_Problem details:_ Word for word, restate the entries below, but exclude the images.

_Records for this task:_
***

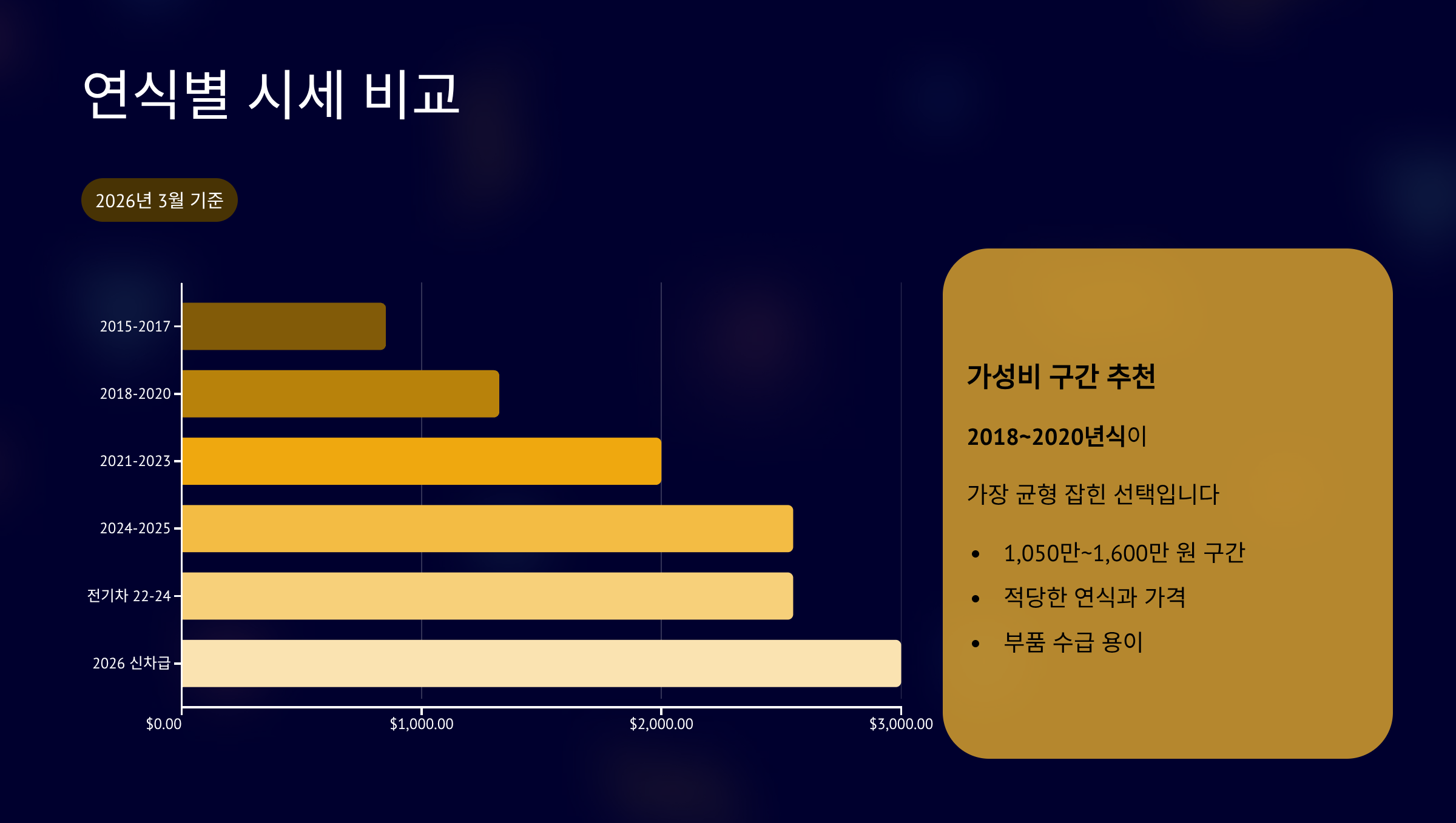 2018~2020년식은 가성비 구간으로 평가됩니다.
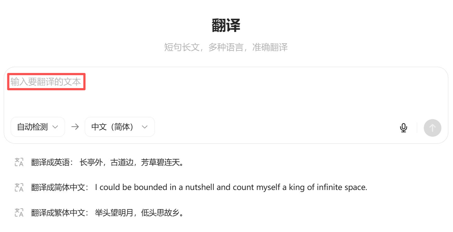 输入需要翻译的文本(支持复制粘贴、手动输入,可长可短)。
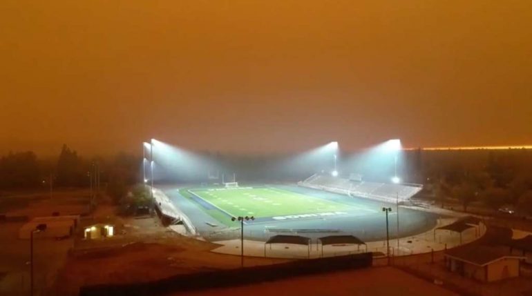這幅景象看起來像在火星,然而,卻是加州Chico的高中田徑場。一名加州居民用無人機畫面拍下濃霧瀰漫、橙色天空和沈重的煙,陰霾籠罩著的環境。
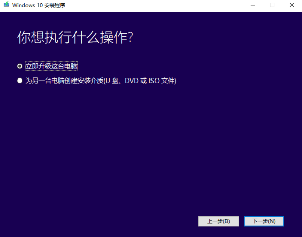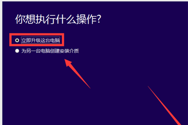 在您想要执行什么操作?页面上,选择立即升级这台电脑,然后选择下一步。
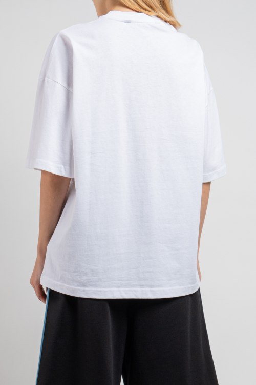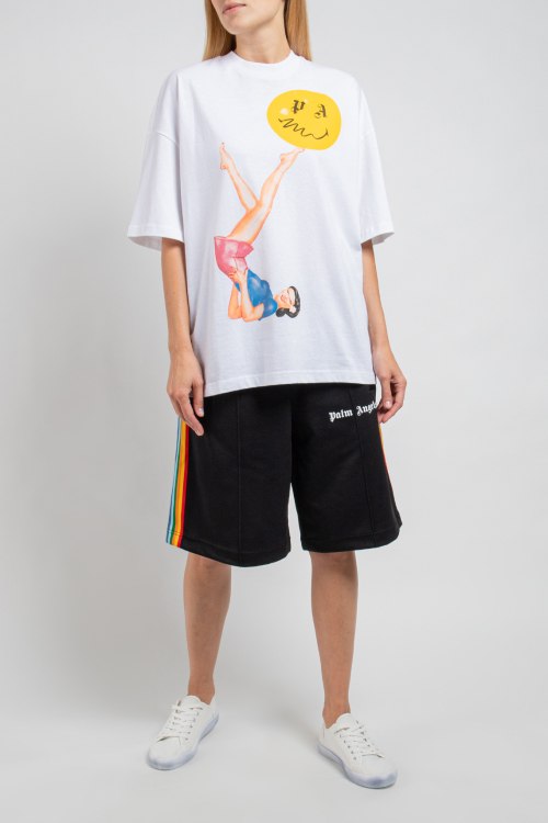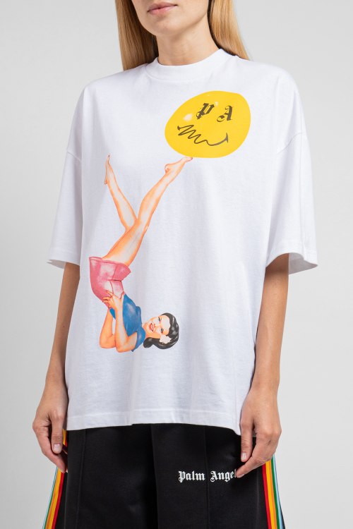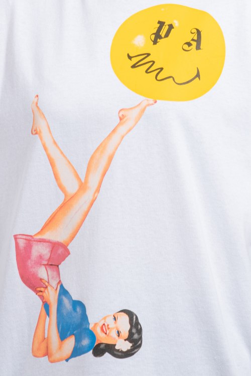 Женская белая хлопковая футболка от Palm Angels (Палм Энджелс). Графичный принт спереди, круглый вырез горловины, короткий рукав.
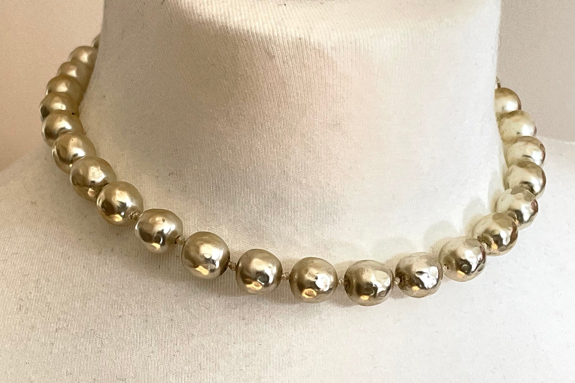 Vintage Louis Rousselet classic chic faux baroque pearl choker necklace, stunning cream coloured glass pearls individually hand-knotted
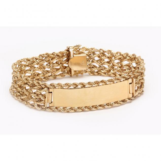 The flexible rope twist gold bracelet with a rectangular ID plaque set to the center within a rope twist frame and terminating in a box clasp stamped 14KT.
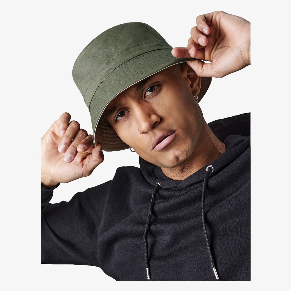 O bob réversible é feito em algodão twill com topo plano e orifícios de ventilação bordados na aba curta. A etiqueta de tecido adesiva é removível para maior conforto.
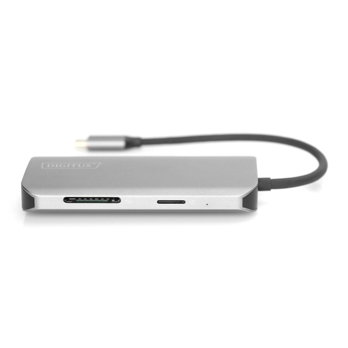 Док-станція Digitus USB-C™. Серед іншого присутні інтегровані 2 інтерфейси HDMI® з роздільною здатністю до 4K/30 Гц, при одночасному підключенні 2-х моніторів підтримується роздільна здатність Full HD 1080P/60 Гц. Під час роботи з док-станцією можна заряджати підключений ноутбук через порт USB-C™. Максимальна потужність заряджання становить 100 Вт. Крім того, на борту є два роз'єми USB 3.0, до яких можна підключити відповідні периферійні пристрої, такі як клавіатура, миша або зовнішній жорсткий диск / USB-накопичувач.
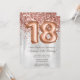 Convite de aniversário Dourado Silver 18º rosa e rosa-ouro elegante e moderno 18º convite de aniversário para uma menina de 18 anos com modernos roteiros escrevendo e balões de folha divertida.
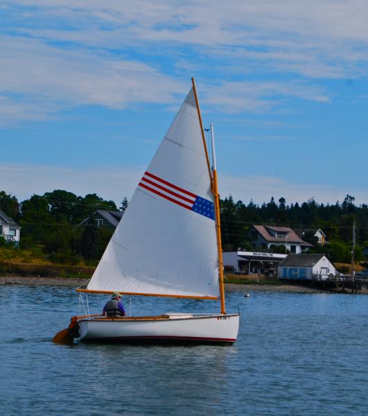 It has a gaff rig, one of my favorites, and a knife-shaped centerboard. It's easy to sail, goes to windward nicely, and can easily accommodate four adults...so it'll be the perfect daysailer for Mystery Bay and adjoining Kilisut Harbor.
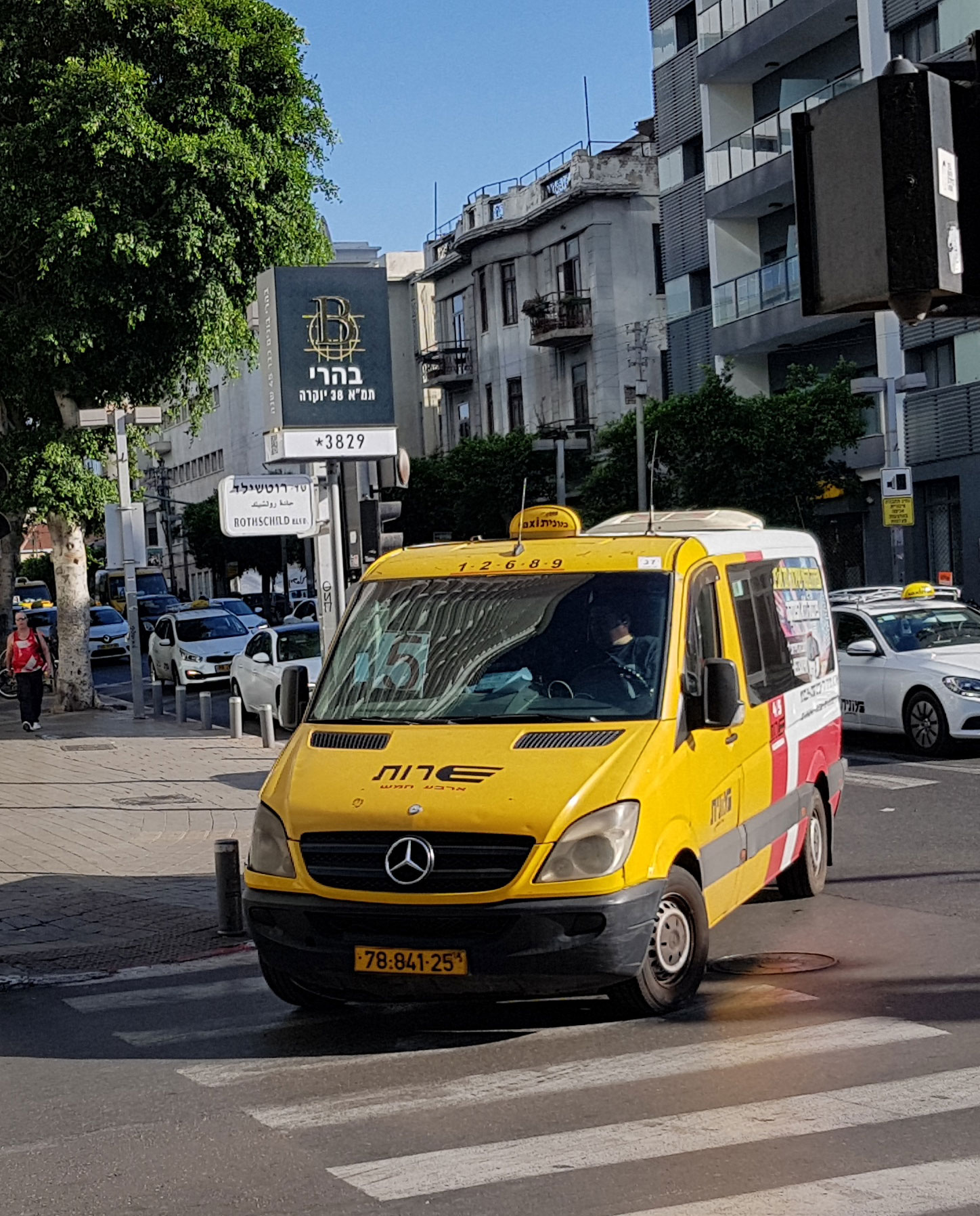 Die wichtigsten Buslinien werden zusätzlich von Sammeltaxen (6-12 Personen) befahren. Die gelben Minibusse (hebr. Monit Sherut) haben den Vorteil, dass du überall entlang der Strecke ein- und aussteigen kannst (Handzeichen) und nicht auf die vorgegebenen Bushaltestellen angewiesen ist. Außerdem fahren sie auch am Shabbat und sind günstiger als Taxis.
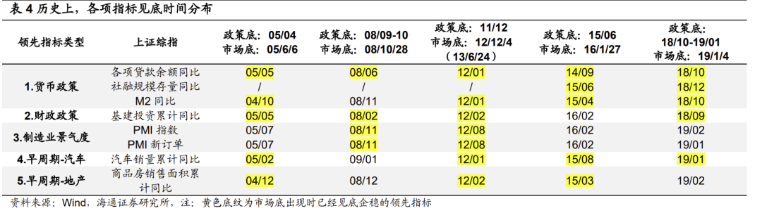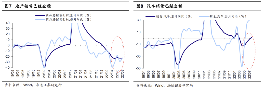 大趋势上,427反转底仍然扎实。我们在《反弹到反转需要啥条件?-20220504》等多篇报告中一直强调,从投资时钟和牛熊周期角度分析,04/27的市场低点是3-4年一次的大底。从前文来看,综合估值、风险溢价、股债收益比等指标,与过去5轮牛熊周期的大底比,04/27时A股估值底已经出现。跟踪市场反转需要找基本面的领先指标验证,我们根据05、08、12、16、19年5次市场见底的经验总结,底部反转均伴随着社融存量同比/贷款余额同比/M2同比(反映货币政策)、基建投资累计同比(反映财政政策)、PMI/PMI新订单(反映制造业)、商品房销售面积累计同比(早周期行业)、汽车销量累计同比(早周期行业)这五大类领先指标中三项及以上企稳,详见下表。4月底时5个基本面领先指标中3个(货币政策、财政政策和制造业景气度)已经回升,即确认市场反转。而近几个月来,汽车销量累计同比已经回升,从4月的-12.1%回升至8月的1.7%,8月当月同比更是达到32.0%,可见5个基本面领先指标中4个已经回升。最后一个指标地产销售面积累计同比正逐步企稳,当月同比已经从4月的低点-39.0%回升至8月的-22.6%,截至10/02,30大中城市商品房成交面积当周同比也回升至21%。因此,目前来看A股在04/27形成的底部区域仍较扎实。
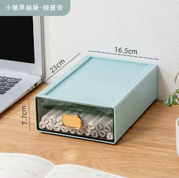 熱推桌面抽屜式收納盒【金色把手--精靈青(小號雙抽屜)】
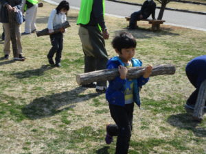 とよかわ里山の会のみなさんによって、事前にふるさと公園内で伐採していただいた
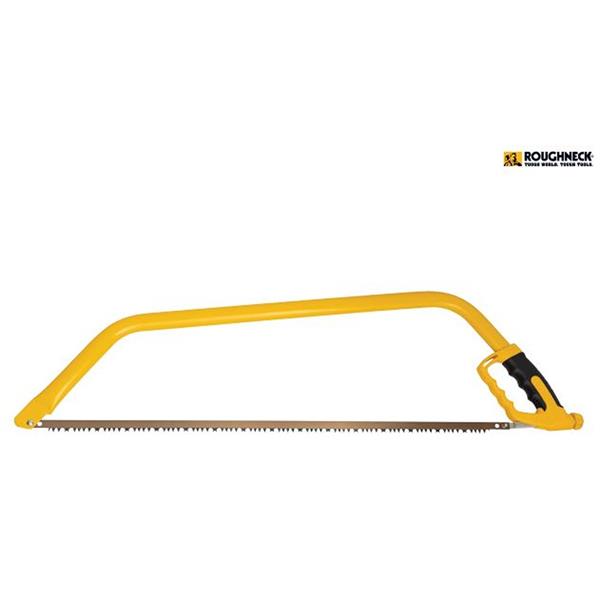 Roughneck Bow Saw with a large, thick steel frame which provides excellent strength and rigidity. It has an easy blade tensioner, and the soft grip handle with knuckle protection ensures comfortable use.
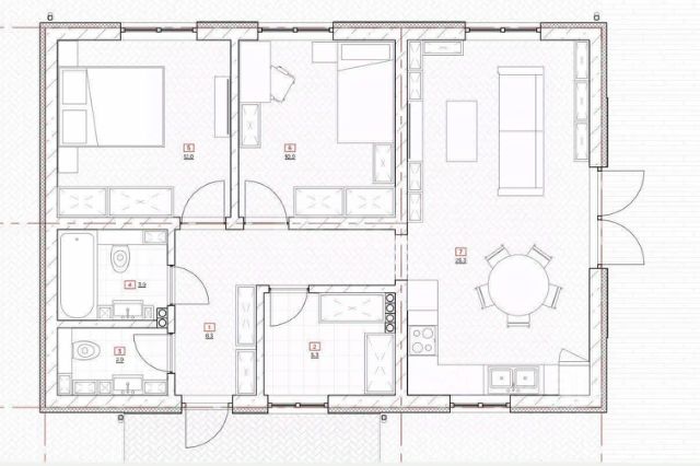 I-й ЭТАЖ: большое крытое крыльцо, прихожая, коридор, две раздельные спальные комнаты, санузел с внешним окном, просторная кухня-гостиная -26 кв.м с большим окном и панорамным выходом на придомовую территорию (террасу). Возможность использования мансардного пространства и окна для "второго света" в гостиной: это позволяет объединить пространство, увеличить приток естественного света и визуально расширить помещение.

***

_Answer space:_
 2018~2020년식은 가성비 구간으로 평가됩니다.
 输入需要翻译的文本(支持复制粘贴、手动输入,可长可短)。
這幅景象看起來像在火星,然而,卻是加州Chico的高中田徑場。一名加州居民用無人機畫面拍下濃霧瀰漫、橙色天空和沈重的煙,陰霾籠罩著的環境。
 在您想要执行什么操作?页面上,选择立即升级这台电脑,然后选择下一步。
 Женская белая хлопковая футболка от Palm Angels (Палм Энджелс). Графичный принт спереди, круглый вырез горловины, короткий рукав.
 Vintage Louis Rousselet classic chic faux baroque pearl choker necklace, stunning cream coloured glass pearls individually hand-knotted
 The flexible rope twist gold bracelet with a rectangular ID plaque set to the center within a rope twist frame and terminating in a box clasp stamped 14KT.
 O bob réversible é feito em algodão twill com topo plano e orifícios de ventilação bordados na aba curta. A etiqueta de tecido adesiva é removível para maior conforto.
 Док-станція Digitus USB-C™. Серед іншого присутні інтегровані 2 інтерфейси HDMI® з роздільною здатністю до 4K/30 Гц, при одночасному підключенні 2-х моніторів підтримується роздільна здатність Full HD 1080P/60 Гц. Під час роботи з док-станцією можна заряджати підключений ноутбук через порт USB-C™. Максимальна потужність заряджання становить 100 Вт. Крім того, на борту є два роз'єми USB 3.0, до яких можна підключити відповідні периферійні пристрої, такі як клавіатура, миша або зовнішній жорсткий диск / USB-накопичувач.
 Convite de aniversário Dourado Silver 18º rosa e rosa-ouro elegante e moderno 18º convite de aniversário para uma menina de 18 anos com modernos roteiros escrevendo e balões de folha divertida.
 It has a gaff rig, one of my favorites, and a knife-shaped centerboard. It's easy to sail, goes to windward nicely, and can easily accommodate four adults...so it'll be the perfect daysailer for Mystery Bay and adjoining Kilisut Harbor.
 Die wichtigsten Buslinien werden zusätzlich von Sammeltaxen (6-12 Personen) befahren. Die gelben Minibusse (hebr. Monit Sherut) haben den Vorteil, dass du überall entlang der Strecke ein- und aussteigen kannst (Handzeichen) und nicht auf die vorgegebenen Bushaltestellen angewiesen ist. Außerdem fahren sie auch am Shabbat und sind günstiger als Taxis.
 大趋势上,427反转底仍然扎实。我们在《反弹到反转需要啥条件?-20220504》等多篇报告中一直强调,从投资时钟和牛熊周期角度分析,04/27的市场低点是3-4年一次的大底。从前文来看,综合估值、风险溢价、股债收益比等指标,与过去5轮牛熊周期的大底比,04/27时A股估值底已经出现。跟踪市场反转需要找基本面的领先指标验证,我们根据05、08、12、16、19年5次市场见底的经验总结,底部反转均伴随着社融存量同比/贷款余额同比/M2同比(反映货币政策)、基建投资累计同比(反映财政政策)、PMI/PMI新订单(反映制造业)、商品房销售面积累计同比(早周期行业)、汽车销量累计同比(早周期行业)这五大类领先指标中三项及以上企稳,详见下表。4月底时5个基本面领先指标中3个(货币政策、财政政策和制造业景气度)已经回升,即确认市场反转。而近几个月来,汽车销量累计同比已经回升,从4月的-12.1%回升至8月的1.7%,8月当月同比更是达到32.0%,可见5个基本面领先指标中4个已经回升。最后一个指标地产销售面积累计同比正逐步企稳,当月同比已经从4月的低点-39.0%回升至8月的-22.6%,截至10/02,30大中城市商品房成交面积当周同比也回升至21%。因此,目前来看A股在04/27形成的底部区域仍较扎实。
 熱推桌面抽屜式收納盒【金色把手--精靈青(小號雙抽屜)】
 とよかわ里山の会のみなさんによって、事前にふるさと公園内で伐採していただいた
 Roughneck Bow Saw with a large, thick steel frame which provides excellent strength and rigidity. It has an easy blade tensioner, and the soft grip handle with knuckle protection ensures comfortable use.
 I-й ЭТАЖ: большое крытое крыльцо, прихожая, коридор, две раздельные спальные комнаты, санузел с внешним окном, просторная кухня-гостиная -26 кв.м с большим окном и панорамным выходом на придомовую территорию (террасу). Возможность использования мансардного пространства и окна для "второго света" в гостиной: это позволяет объединить пространство, увеличить приток естественного света и визуально расширить помещение.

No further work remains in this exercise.